Following the release of the album, Walk Off the Earth, true to its custom of trying new things, aired a performance in August that the band had recorded high above Toronto’s skyline from the top of CN Tower—with Nicassio and Blackwood singing outside while tethered to the tower’s famed tourist thrill experience, EdgeWalk.

Walk Off the Earth

Walk Off the Earth performs at BottleRock Napa Valley at the Napa Valley Expo on Sept. 5, 2021.

While Tony Bennett, Spiritualized and others performed in the observation deck in the past, this was different. Blackwood said the band’s motto has always been to come up with ideas others have not, whether that’s in a viral video or live performance. That doesn’t mean it was easy, however.

For starters, even getting the performance approved involved red tape for Cassady, who was the one who worked with CN Tower management on everything from permits to safety and COVID-19 protocols. Then, one of the drone operators filming the performance crashed his drone.

“The whole time we were up there was terrifying, but we just kept thinking in our minds, ‘It’s all about the shot. It’s going to look amazing. Suck it up and do it,’” Blackwood said of performing nearly 1,200 feet up on a see-through platform.

Blackwood was braver than her partner, who is scared of heights.

“You should see Gianni climb a ladder,” Blackwood said. “It’s like watching a 110-year-old man trying to get up a step.”

While Cassady performed inside the tower with the rest of the band, he went on a walk outside with a tour.
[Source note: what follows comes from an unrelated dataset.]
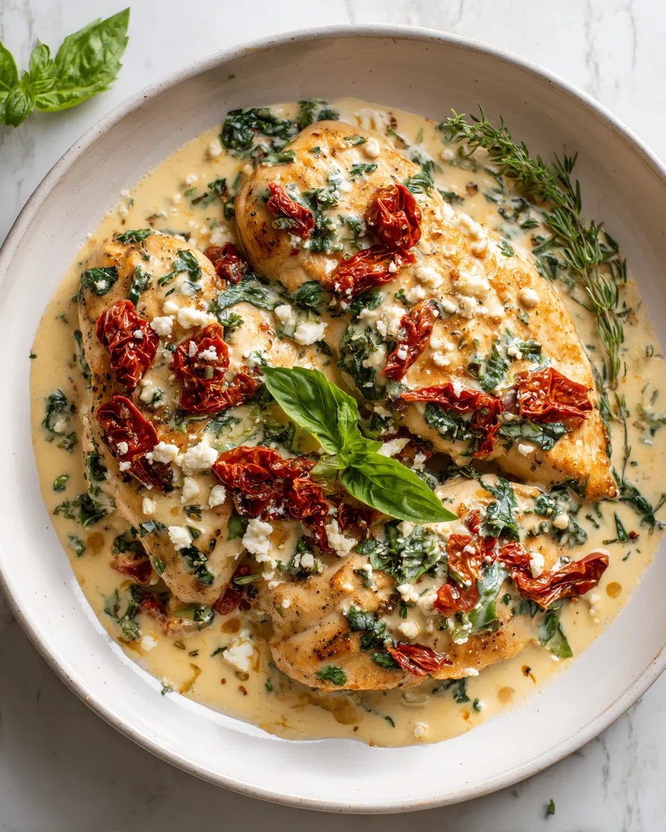 Season and sear chicken breasts, then simmer with garlic, sun-dried tomatoes, cream, feta, and basil for a rich Tuscan-inspired dish.

“These guys got off a little easy,” he said of his bandmates. “When you go out there on a separate tour, they make you lean over. Leaning backwards is all chill, but at one point, they make you lean forward and put your entire weight on the cable. I’m not scared of heights, but my whole life flashed before my eyes. It was horrifying.”

Blackwood, the mother of three, gets the last word, however.

“My life flashes before my eyes many times per day,” she said.